Claudia è figlia di due sordomuti, e fin da piccola ha dovuto confrontarsi con un mondo diverso dal “normale”, con la difficoltà di comunicare con persone che affrontavano la loro disabilità con una sorta di leggerezza “suo padre aveva scoperto che per tutta la vita era andato alla ricerca di un suo simile. Una persona che non voleva affrontare la disabilità con coraggio o dignità, ma con incoscienza”.
Claudia è figlia di immigrati, da New York, città che di anno in anno è cambiata non facendola più sentire a casa, quindi rimasta solo depositaria dei suoi ricordi di infanzia; si è trasferita con la famiglia nel sud Italia in un paesino lucano dove veniva etichettata come “la figlia della muta”.
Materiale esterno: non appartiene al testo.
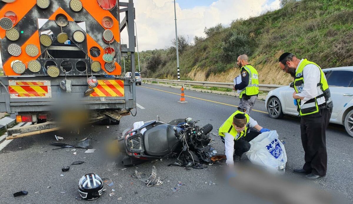 רוכב אופנוע בן 24 נהרג לפני זמן קצר בתאונה עם מעורבות משאית בכביש 443 בסמוך למחסום מכבים.

Infine Claudia, in età adulta, è andata a vivere nella controversa Londra “chi abita in questa città sente sempre l’influsso di una torre oscura a distanza, di un’inquietudine aeriforme che si propaga da una fonte ignota…a giorni fa sentire posseduti, gravati da un peso schiacciante che àncora a terra, e si riverbera nelle ossa”.
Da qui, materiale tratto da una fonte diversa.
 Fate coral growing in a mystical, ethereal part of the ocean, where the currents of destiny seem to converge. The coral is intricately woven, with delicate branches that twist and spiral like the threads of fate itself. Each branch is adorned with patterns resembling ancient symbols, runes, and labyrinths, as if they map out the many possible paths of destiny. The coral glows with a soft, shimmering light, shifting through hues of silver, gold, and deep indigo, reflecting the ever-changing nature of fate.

Tra le canzoni, i film e le serie tv degli anni ottantae le domande e le scoperte tipiche degli adolescenti, la protagonista cresce in un mondo in cui quello che la società definisce normale, diventa una disabilità all’interno della sua famiglia, in cui risulta complesso comunicare, perché il linguaggio e la parola paradossalmente si tramutano in limiti
Non so cosa ci sia nei miei genitori: so che io non ce l’ho. Ogni vantaggio l’ho conquistato e perso con il linguaggio….le parole non significano niente se non quando sono letterali e ogni altro residuo è una perdita di tempo e senso: la vita si seduce in silenzio, si ipnotizza, e tutto il resto è un fallimento… a volte ci siamo fatti malissimo, ma lo sforzo è stato capirsi.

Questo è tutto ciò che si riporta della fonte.